The body plan of an organism is the most basic arrangement of the tissue layers in that organism without any details concerning the arrangement of its internal organs and the most basic and greatest influence on the body plans of organisms is the environment. The fundamental body plans such as the size of an organism can be determined by the environment in which it lives. According to Fastovsky and Weishampol (2005), all organisms are subject to design constraints. Organisms that live in the air or in water are acted upon by gravity and this causes their ancestry to limit the structures that they can evolve. For example, you will never find a propeller on the nose of a bird, even though that would be the most efficient way to propel the animal, because the evolutionary process works by descent with the modification of existing structures and not the wholesale invention of new ones.
Hoffmann and Parsons (1997) state that the body plans of organisms can be influenced by the types of landscapes encountered by them. It is very difficult for a population to move from one environment to another when natural barriers such as mountains and seas because there are large differences between their current forms and the alternative forms which they would need to cross these barriers. Therefore, these natural barriers keep the organisms within one environment and in order to survive, they will have to develop the essential body plans to suit that environment.
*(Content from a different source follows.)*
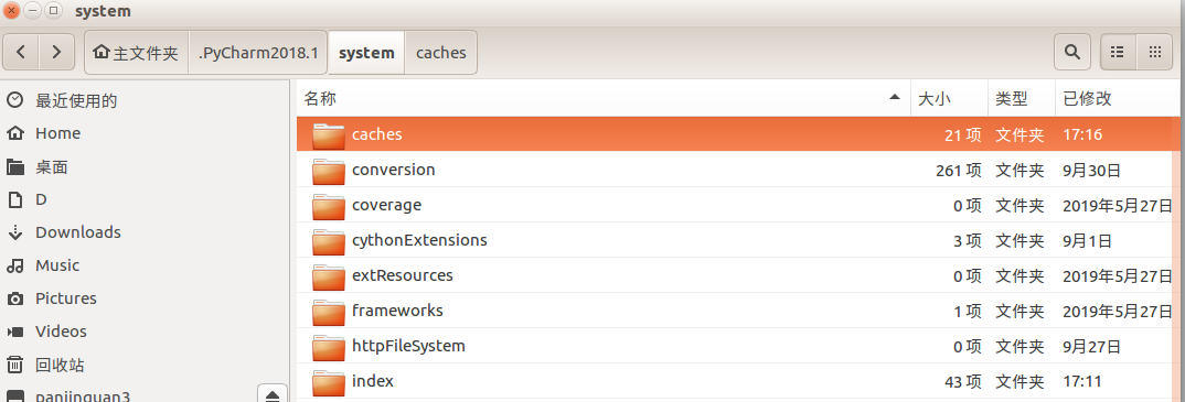1.删除:/home/dm/.PyCharm2018.1/system/caches,

In other words, their inability to move from this environment will lead to a stasis in the development of their body plans and these will instead remain in their current state with little or no change over a long period of time.
Tobin and Dusheck (2005) declare that the body plans of organisms such as the particular arrangements of bones in the limbs of horses, whales, and humans may simply be a case of organisms making do with what they have. Organisms tend to reuse the same parts and materials, reshaping them for new purposes. A good example of this would be when one considers the whale which, although it is a mammal, lives in the ocean. Unlike other mammals, it does not have the legs it would normally have had if it had been living on land and instead, those limbs that would have formed legs on land have instead developed into fins to enable it to survive in the ocean efficiently. Furthermore, the body of the whale is too big to survive on land and it is instead adapted to life in the ocean because the water can not only support its weight, but there is also enough space within it to ensure that the whale is able to navigate within it.
In conclusion, different environments influence the development of different body plans to adapt to them. For example, the camel is very well adapted to life in the desert because it has developed padded hooves to be able to walk on the desert sand, long legs and neck to keep it from sinking into the sand and enable it to breath respectively, and a hump to store water because of the scarcity of this resource in the desert. Examples of other body plans include camouflage to avoid predators and the extreme height of some trees in forests in order to gain light for photosynthesis.
References
Fastovsky, D E. & Weishampol, D B. (2005). The Evolution and the Extinction of the Dinosaurs. Cambridge, United Kingdom: Cambridge University Press.
Hoffmann, A A. & Parsons, P A. (1997). Extreme Environmental Change and Evolution. Cambridge, United Kingdom: Cambridge University Press.
Tobin, A J & Dusheck, J. (2005). Asking About Life. Andover, United Kingdom: Cengage Learning.